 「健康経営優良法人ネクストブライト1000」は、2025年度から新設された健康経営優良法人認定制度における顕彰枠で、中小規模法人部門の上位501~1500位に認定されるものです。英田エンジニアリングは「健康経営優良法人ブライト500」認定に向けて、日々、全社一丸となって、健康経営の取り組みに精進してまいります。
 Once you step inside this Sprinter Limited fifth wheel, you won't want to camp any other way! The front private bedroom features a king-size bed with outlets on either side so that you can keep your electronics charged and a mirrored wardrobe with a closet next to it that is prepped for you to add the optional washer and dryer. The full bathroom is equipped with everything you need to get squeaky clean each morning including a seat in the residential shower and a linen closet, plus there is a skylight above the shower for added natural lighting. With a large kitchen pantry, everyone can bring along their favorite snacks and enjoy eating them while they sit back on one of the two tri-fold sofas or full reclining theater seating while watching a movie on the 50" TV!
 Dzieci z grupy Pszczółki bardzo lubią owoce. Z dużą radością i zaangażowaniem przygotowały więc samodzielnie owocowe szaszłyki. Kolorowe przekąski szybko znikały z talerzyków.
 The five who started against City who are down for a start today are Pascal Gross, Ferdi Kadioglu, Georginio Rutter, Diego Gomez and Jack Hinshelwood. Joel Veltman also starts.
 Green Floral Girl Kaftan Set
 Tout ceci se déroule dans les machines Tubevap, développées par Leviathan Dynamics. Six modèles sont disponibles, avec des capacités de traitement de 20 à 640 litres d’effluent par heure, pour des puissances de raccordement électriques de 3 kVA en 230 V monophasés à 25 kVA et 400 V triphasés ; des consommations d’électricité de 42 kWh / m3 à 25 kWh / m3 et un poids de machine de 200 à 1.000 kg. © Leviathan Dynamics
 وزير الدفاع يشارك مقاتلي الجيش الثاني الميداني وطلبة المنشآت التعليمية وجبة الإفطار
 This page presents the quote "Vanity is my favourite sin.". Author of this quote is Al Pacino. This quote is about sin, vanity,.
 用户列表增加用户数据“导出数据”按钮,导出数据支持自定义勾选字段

**Your objective:** Down to the last line, restate the records exactly.

**Solution for this exercise:**
 「健康経営優良法人ネクストブライト1000」は、2025年度から新設された健康経営優良法人認定制度における顕彰枠で、中小規模法人部門の上位501~1500位に認定されるものです。英田エンジニアリングは「健康経営優良法人ブライト500」認定に向けて、日々、全社一丸となって、健康経営の取り組みに精進してまいります。
 Once you step inside this Sprinter Limited fifth wheel, you won't want to camp any other way! The front private bedroom features a king-size bed with outlets on either side so that you can keep your electronics charged and a mirrored wardrobe with a closet next to it that is prepped for you to add the optional washer and dryer. The full bathroom is equipped with everything you need to get squeaky clean each morning including a seat in the residential shower and a linen closet, plus there is a skylight above the shower for added natural lighting. With a large kitchen pantry, everyone can bring along their favorite snacks and enjoy eating them while they sit back on one of the two tri-fold sofas or full reclining theater seating while watching a movie on the 50" TV!
 Dzieci z grupy Pszczółki bardzo lubią owoce. Z dużą radością i zaangażowaniem przygotowały więc samodzielnie owocowe szaszłyki. Kolorowe przekąski szybko znikały z talerzyków.
 The five who started against City who are down for a start today are Pascal Gross, Ferdi Kadioglu, Georginio Rutter, Diego Gomez and Jack Hinshelwood. Joel Veltman also starts.
 Green Floral Girl Kaftan Set
 Tout ceci se déroule dans les machines Tubevap, développées par Leviathan Dynamics. Six modèles sont disponibles, avec des capacités de traitement de 20 à 640 litres d’effluent par heure, pour des puissances de raccordement électriques de 3 kVA en 230 V monophasés à 25 kVA et 400 V triphasés ; des consommations d’électricité de 42 kWh / m3 à 25 kWh / m3 et un poids de machine de 200 à 1.000 kg. © Leviathan Dynamics
 وزير الدفاع يشارك مقاتلي الجيش الثاني الميداني وطلبة المنشآت التعليمية وجبة الإفطار
 This page presents the quote "Vanity is my favourite sin.". Author of this quote is Al Pacino. This quote is about sin, vanity,.
 用户列表增加用户数据“导出数据”按钮,导出数据支持自定义勾选字段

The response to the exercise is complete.